新宗連全国総会 国際問題の平和解決願う「祈りのことば」を理事会で承認

新日本宗教団体連合会(新宗連)の今年度の「全国総会」が10月8、9の両日、立正佼成会の大阪普門館(大阪市)などで開催された。理事、評議員、各総支部の会長、オブザーバーら合わせて76人が参加。本会から庭野日鑛会長(新宗連顧問)、川端健之理事長(同常務理事)、中村憲一郎常務理事(同会計委員長)、澤田晃成総務部部長(同評議員)らが出席した。
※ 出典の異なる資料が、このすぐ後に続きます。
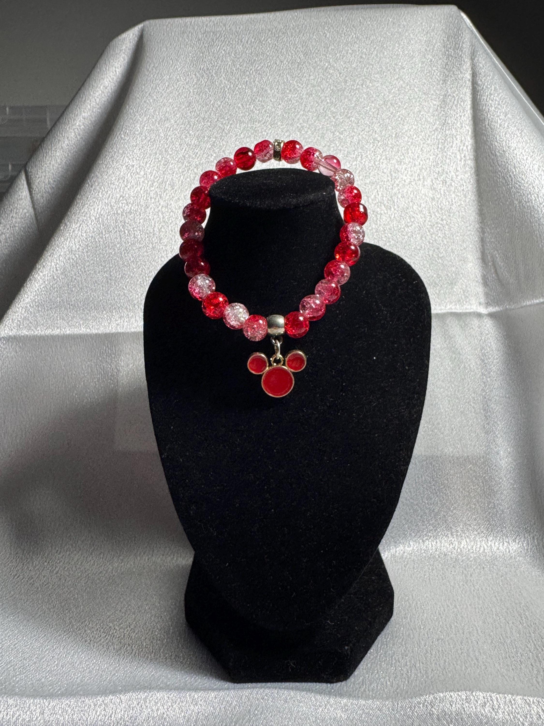 Add a touch of magic to your outfit with this handmade Mickey‑inspired charm bracelet, crafted with colorful acrylic and glass beads on a comfortable stretch band. Perfect for Disney fans of all ages, this bracelet measures approximately 7.5 inches and can be customized in both size and color to match your unique style.

8日、大阪普門館で行われた「第30期第5回理事会」では、議長を務めた岡田光央理事長(崇教真光三代教え主)のあいさつに続き、各委員会・機関、総支部、新日本宗教青年会連盟(新宗連青年会=SYL)がそれぞれの活動を報告。新宗連青年会からは、9月に台風15号により大きな被害を受けた千葉・館山市、鋸南町(きょなんまち)で、世界宗教者平和会議(WCRP/RfP)日本委員会との協働災害ボランティアチーム「VOWS(Volunteer of WCRP & SYL)」による支援活動を展開することが説明された。VOWSはこれまでにも、熊本地震や西日本豪雨の被災地域で支援活動を実施している。

審議では、新宗連青年会の規程の改定案、令和2年度事業大綱案などが議論された。この中で、2017年10月の理事会で議決した「北朝鮮情勢の平和解決への祈り」の精神を踏まえ、あらゆる国際問題が「絶対非戦」の精神に基づく対話と協調によって解決されることを祈念する「祈りのことば」が新たに承認された。

また、田澤清喜企画委員長(新宗連理事、松緑神道大和山教主)が、「教化活動懇談会」の取り組みを報告。その上で、同懇談会が、加盟教団の信徒が互いの布教活動について学び合うため、総支部、協議会を中心に各地で実施している目的を踏まえ、今後も各教団が同懇談会の活動に協力していくことが確認された。

翌9日、参加者は大阪天満宮(大阪市)を正式参拝。この後、天満天神繁昌亭に会場を移し、人権学習会が実施された。落語家の桂こけ枝氏が『こけ枝のほのぼの噺――人生互いに思いやり』をテーマに講演し、古典落語「井戸の茶碗(ちゃわん)」を披露した。